Anne and Her Shadows

I have kept her photograph, which I purchased twenty-five years ago on my first trip to the Anne Frank House. I embarked on the narrow climb to the hiding place and later, the descent, and imagined all that had occurred in between. I was attuned to the voices of visitors speaking other languages as I looked out a window and considered the view and the sounds of Amsterdam’s streets and wondered if this is what Anne saw and heard. At that point, I withheld no emotion and unabashedly cried in front of everyone else in that room.

Only recently have I begun to comprehend the extent of her profound influence on my writing and working life which began with a spring play. As a fourteen-year-old, I auditioned for and won the role of Anne in my high school’s production of The Diary of Anne Frank. At that time, I had already read the Diary and attempted to watch a television dramatization, but couldn’t do so in one sitting as I darted in and out of the living room because of a seven-year-old’s fear. I didn’t know if what I was watching, a family living in hiding, was still happening. I wondered: “If the Frank family is in hiding, shouldn’t I be as well?”

Although the scenes appeared as mere shadows and whispers, I couldn’t make them disappear. With age came a clearer sense of past and present. Being on stage playing Anne protected me from those fears. I was engulfed in performing well without a single dropped line or missed cue. But as the fear abated, something else quietly manifested, an inner sense of responsibility.

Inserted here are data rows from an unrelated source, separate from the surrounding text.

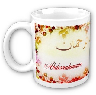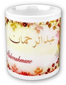 Mug avec le prénom "Abderrahmane" calligraphié en arabe (عبدالرحمن) ainsi que son épellation lettre par lettre en arabe.
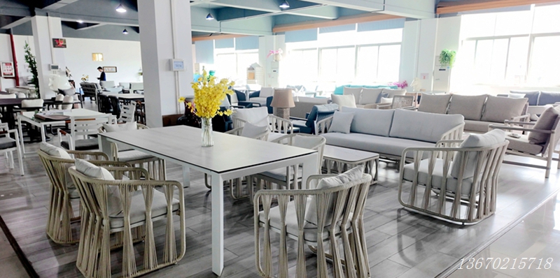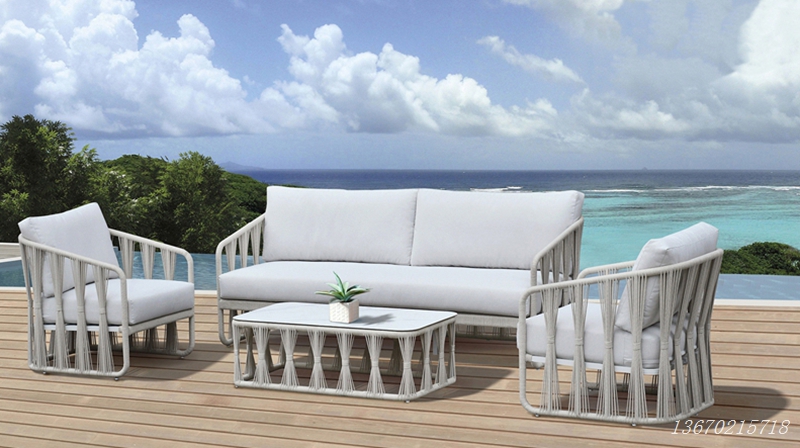 户外沙发组合(三人沙发+ 2单人椅+茶几):模块化设计可灵活调整布局,高密度防水海绵坐垫坐感柔软,亲肤面料快速风干;配套绳编茶几边缘圆润安全,适配海景露台、花园聊天区等场景,为休闲放松提供轻奢空间。(vx:zjh243415517)
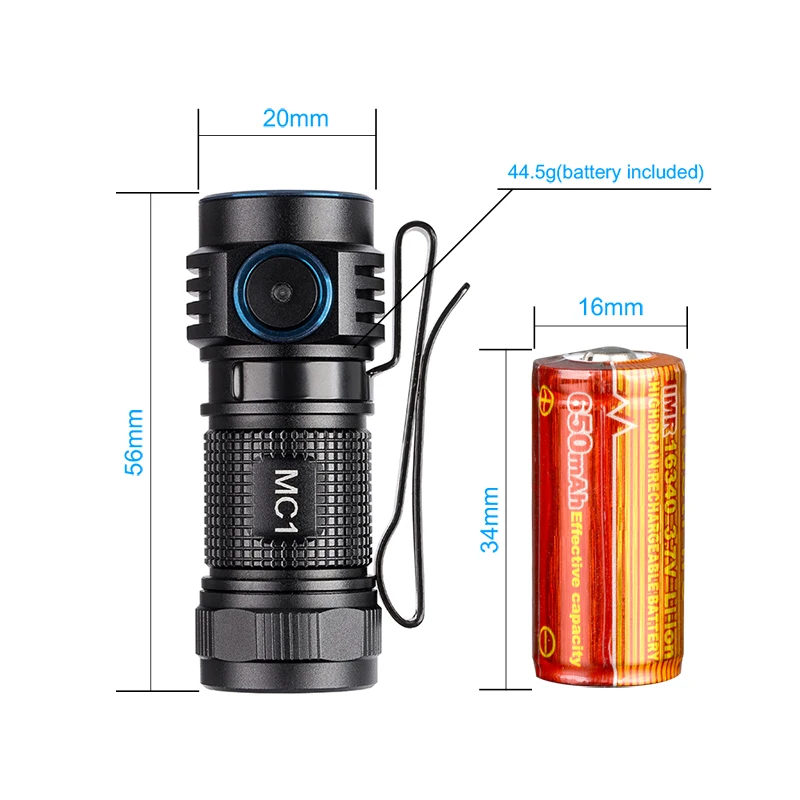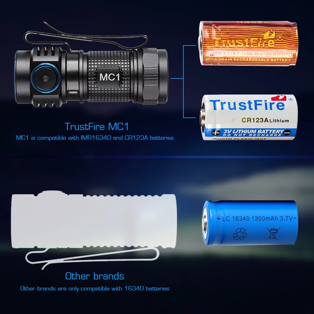 MC1 tiene múltiples opciones de batería: baterías de iones de litio 16340, RCR123A de 3,7 V, 3 V CR123A

Playing Anne, was the greatest moment in my high school life though I wish my initial reasons for being in this production were more profound. But as time references are vague in childhood, profundity in adolescence isn’t always achieved, and all I wanted to do at that moment was to act on stage.

I should have desired to play Anne because her heartbreakingly beautiful, and yes, profound text chronicles a historical and deeply personal experience that has spanned generations and transcended nationality and language. I should have wanted the part because her independent spirit and feminism breathe meaning and inspiration throughout the pages. Her palpable compassion, humanity and unwavering authenticity should have sufficed.

What followed was more high school theater, though nothing close to the emotional magnitude I experienced acting in Anne Frank. In college, I stopped acting to focus on writing because I wanted autonomy in my craft. There was nothing wrong with what I was writing because it was what I knew as an undergraduate, which wasn’t very much.

A serendipitous meeting with a sixty-something-year-old glamorous Belgian woman who directed a Master of Arts in Teaching program led to my work as an English as a Second Language teacher. When she asked me what I wanted, I said I wanted to go to an area of conflict and work with women and children. She didn’t actually dissuade me, but challenged me by asking what were my personal connections to war. At that time, I had none. Years later, I learned she, as a teenager in Belgium, worked with her mother in hiding Jewish families during the Holocaust and that they both had been honored.

I returned to the Anne Frank House a second time when I was in Amsterdam interviewing with an organization that uses the creative arts therapies as a modality in helping children who have experienced war. I had already taught immigrants in the United States and had worked as a drama therapist with refugee and returning women and children in Sarajevo and Tbilisi. I had pursued this work and traveled to areas of war with no intention of writing what I would witness. Perhaps it was a tacit acknowledgement of that part of my story ending. But the voices of the women I met, particularly in Sarajevo, found a steadfast place in my writing which was not yet finished, as stories of systematic rapes and the children born from those rapes became the essence of my play, The Fallen.

Someone once asked me if my life would have been different if I hadn’t been cast as Anne Frank, if I hadn’t even auditioned. Would I have engaged in work with immigrants, refugees, asylum seekers, women in war zones? Would I have told their stories? Now, if asked why I wanted to play Anne Frank, I’d have my answer.